Penny Mordaunt, who is widely seen as the third frontrunner joining Ms Truss and Mr Sunak as favourites, said she was making few commitments on tax because “this contest is not the right place to do it”.
“I’m not going to set out plans for corporation tax or any other of those taxes until we have a proper fiscal event,” the trade minister said.
Ms Mordaunt also pleaded for a “positive contest”, saying “I don’t want mudslinging”, as she bears the brunt of the attacks from rival camps.
The Zoom debate was the first public hustings in the leadership contest.
It was at times disrupted by the usual online difficulties, with Ms Truss struggling to unmute herself at one point and suffering from a dodgy internet connection, as did Kemi Badenoch.

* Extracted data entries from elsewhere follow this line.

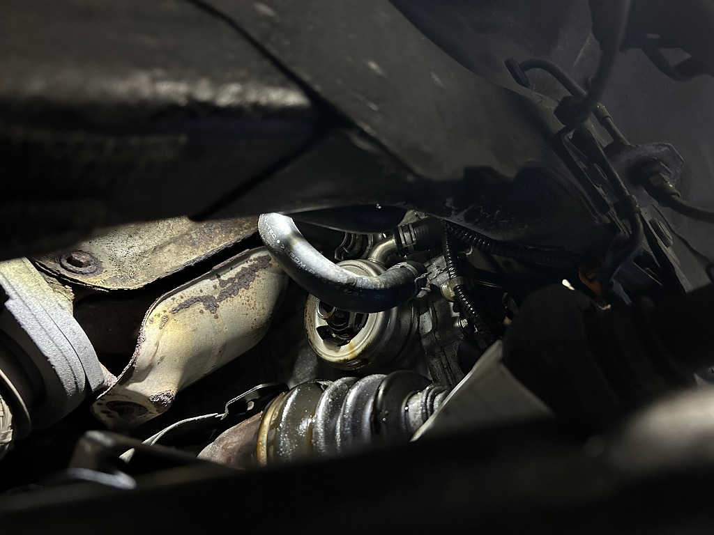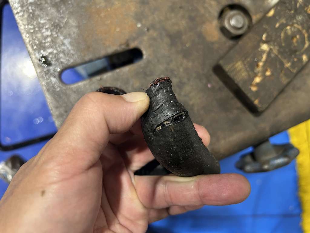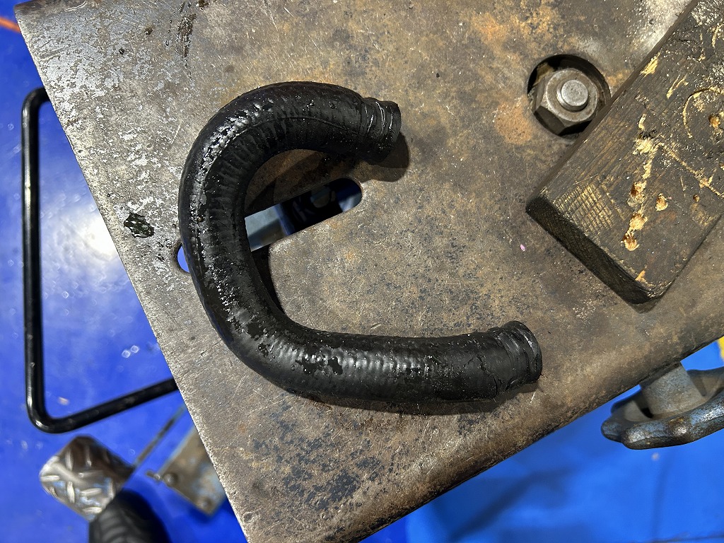 オイルクーラー部のゴムホース劣化により亀裂が生じクーラントが漏れたようです。何とこのホースも生産終了品となっておりました。同ザイズの曲がりホースで対応させていただきました。
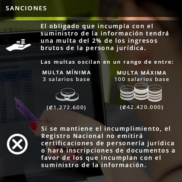 Si el contribuyente no entrega la información, podrá tener una sación equivalente al 2% de los ingresos brutos de la persona jurídica. La ley establece un rango de multa comprendido entre los tres y los cien salarios base.
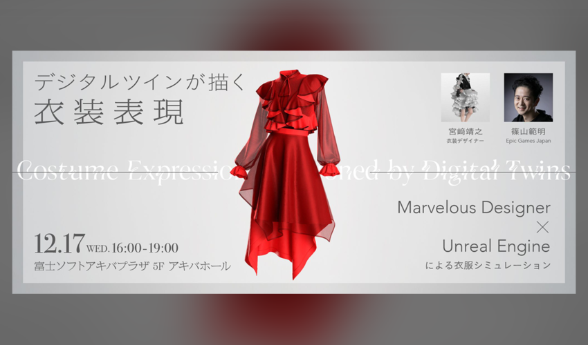 | イベント名 | デジタルツインが描く衣装表現 Marvelous Designer × Unreal Engineによる衣服シミュレーション |

Mr Sunak’s backdrop told members to join his “campiaign” in a spelling blunder.
The candidates were also all asked their “greatest weakness”.
Ms Badenoch said hers was “allowing my sense of humour to look like I’m flippant about issues”, while Mr Sunak essentially said he strives too hard for perfection.
Ms Truss said she has in the past been “excessively over-enthusiastic and sometimes I have to rein myself in”.
Tom Tugendhat, who has made his military background a central pillar of his campaign, said: “I know this is going to surprise you but I may talk about the Army a little too much, which is possibly a weakness.”
Ms Mordaunt said: “I was tempted to say Burmese cats, as I have four and introducing them into No 10 might present some challenges with Larry.”